I am very fortunate to have been included in the Supernova Silent Screen festival hosted by the Denver Digerati in, well, Denver. I made a specially cropped version of Brood X just for this festival. And then added music and some other scenes, which is the version I’ve linked to in this sentence.
Brood X will be shown on screen 6. From their website:
A brand new screen in 2021, the 15th and Champa location is a super high pixel pitch, non-standard format that is close to street level, making it highly visible to anyone passing by. Denver Digerati is very excited to inaugurate this dynamic LED as part of our Silent Screen program in 2021.
https://denverdigerati.org/silent-screen-2021
I won’t make it out there to see this in person, but the organizers were kind enough to send some pics and footage of this week’s screen test.
I’m very grateful to be a part of this! I hope someone in Denver gets a kick out of this video.
I completed a new animation today, which commemorates this summer of cicadas. I wrote the soundtrack music, and filmed this one in record time, given the amount of work and puppets involved.
On Wednesday at 5:30PM EST, the Film Center at JHU-MICA will present Born in Baltimore on Facebook. It’s free to attend, and looks like a lot of great photography and film.
Born in Baltimore celebrates new voices in cinema and photographic arts. Filmmakers and photographers of all ages whose work is of, from, and about Baltimore are invited to submit. The Festival seeks images, sounds, and textures that are uniquely Baltimore; the music, the faces, the stories of our city and its citizens, past and present, young and old, native and newly arrived.
For 2021’s virtual festival, Born in Baltimore welcomes submissions from across the globe, reflecting on Baltimore subject matter and themes, and on shared current challenges: stories and images of city life and city neighborhoods; and images that explore distance, proximity, community, loss, resilience, and innovation.

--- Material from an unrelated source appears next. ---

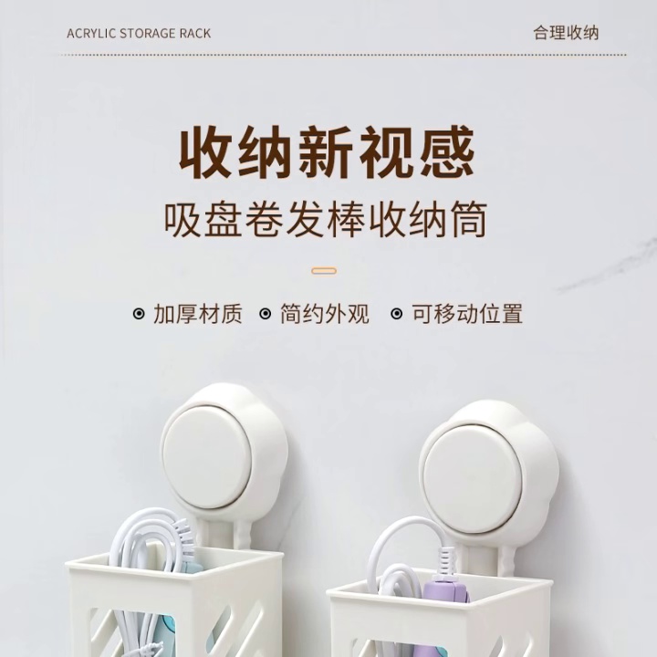 吸盘卷发棒收纳盒家用墙壁免打孔直发器置物架
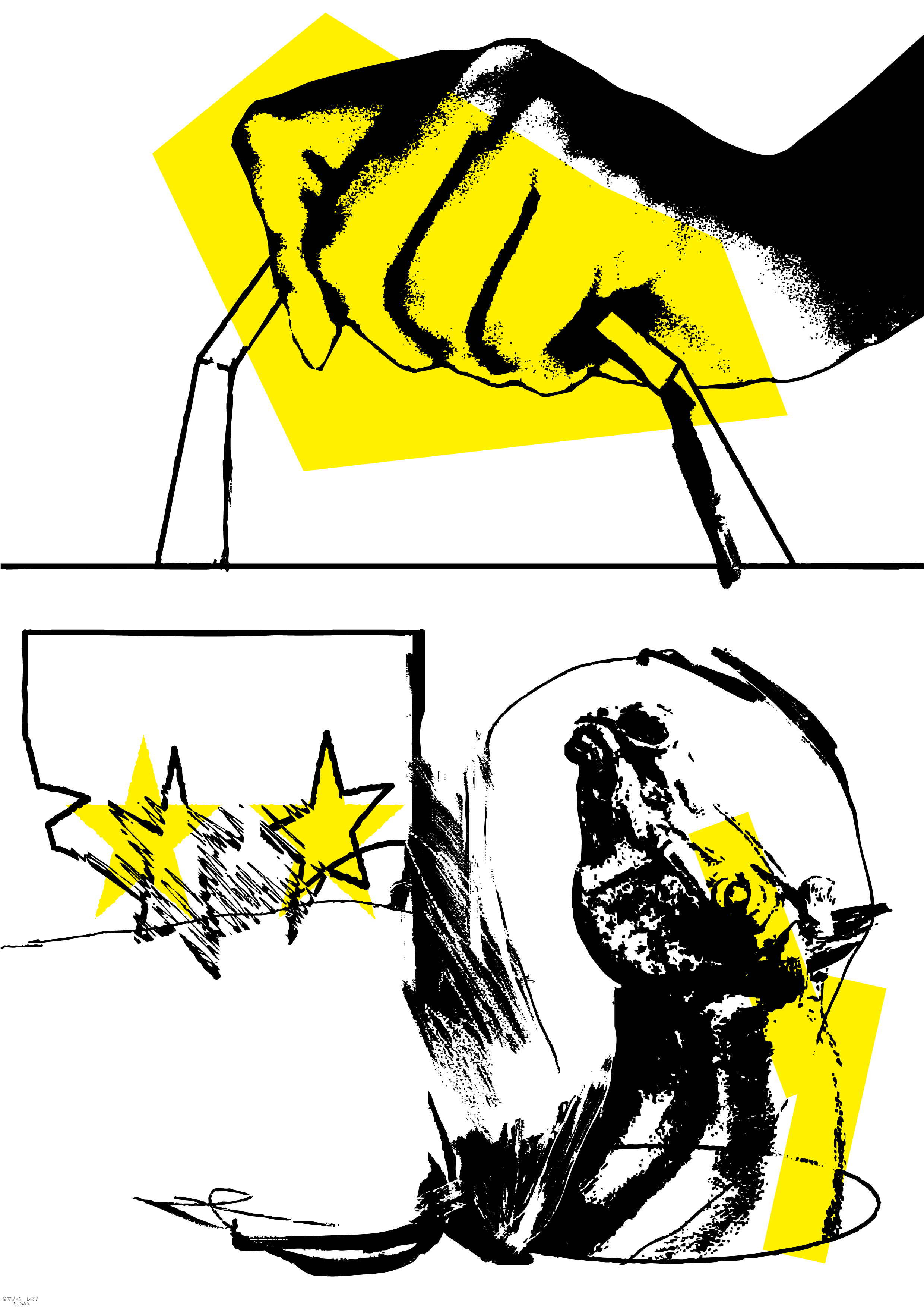 群像2025年8月号掲載 筒井康隆「恐怖の配当」扉絵

Born in Baltimore is a production of Baltimore Youth Film Arts, an affiliate program of the Krieger School of Arts and Sciences at Johns Hopkins University. It is made possible by the financial support of Johns Hopkins and the Andrew W. Mellon Foundation.
https://www.borninbaltimore.org/
UPDATE
The Benefits of Radiation received both the Audience Favorite and Judges Awards! Wow!
I started working on a project I’m calling PLASTICLAND. I am continuing to tell stories with my action figures.
While staying at my girlfriend’s house a few months back, I took a long walk. I found a blue plastic toy abandoned by the side of the road. I think that it was part of an infant’s car play-set. I was struck by both the loneliness of the seemingly useless object, and also the possibilities it offered. I decided to bring it home. One less chunk of plastic polluting our environment, right? It became the set for these little stories.
I made the following camera tests over two after work filming sessions in my backyard. I used my iPhone to capture the shots in Dragonframe. It worked well enough, and I love the portability of the phone. I’m having trouble exporting a quicktime file in Dragonframe, however. It’s choppy and slow. H.264/ACC works fine, so I suppose that will have to work for now. Dragonframe support said:
MP4 is much more compressed, and suited for playback. If you are outputting a really large (dimensionally, like 4K) Animation Codec movie, it might not play back in real time. That format is more intended to be used as an intermediary for editing.
For fun, I edited the two takes together. I’m approaching each scene as though my younger self were sitting in his childhood backyard playing with these objects. That’s really my only narrative principle. I made storyboards as a kid showing how I would animated scenes with my stuff, had I a working camera and film. I’m finding this as satisfying now as I would have as a boy. My intention is to use this footage as projection material for playing music. There’s a lot of boiling in this – my hands and other things.
As a bonus, Brood X has arrived. My yard is full with emerging cicadas. One fellow made an appearance in a few shots. They haven’t started singing yet. I can’t wait to record them. Here’s a bonus video I made for Instagram:
It has been a very windy week in the neighborhood. I’ve been compelled to record the wind with my phone, and finally decided to animate something in an Altoids tin. This is a quick one. I wanted to do a camera test and play with the layers and light. I say it was a quick one, but it took a week to get this, after several false starts and abandoned takes.
Thanks for looking at this. I plan to do more elaborate attempts next.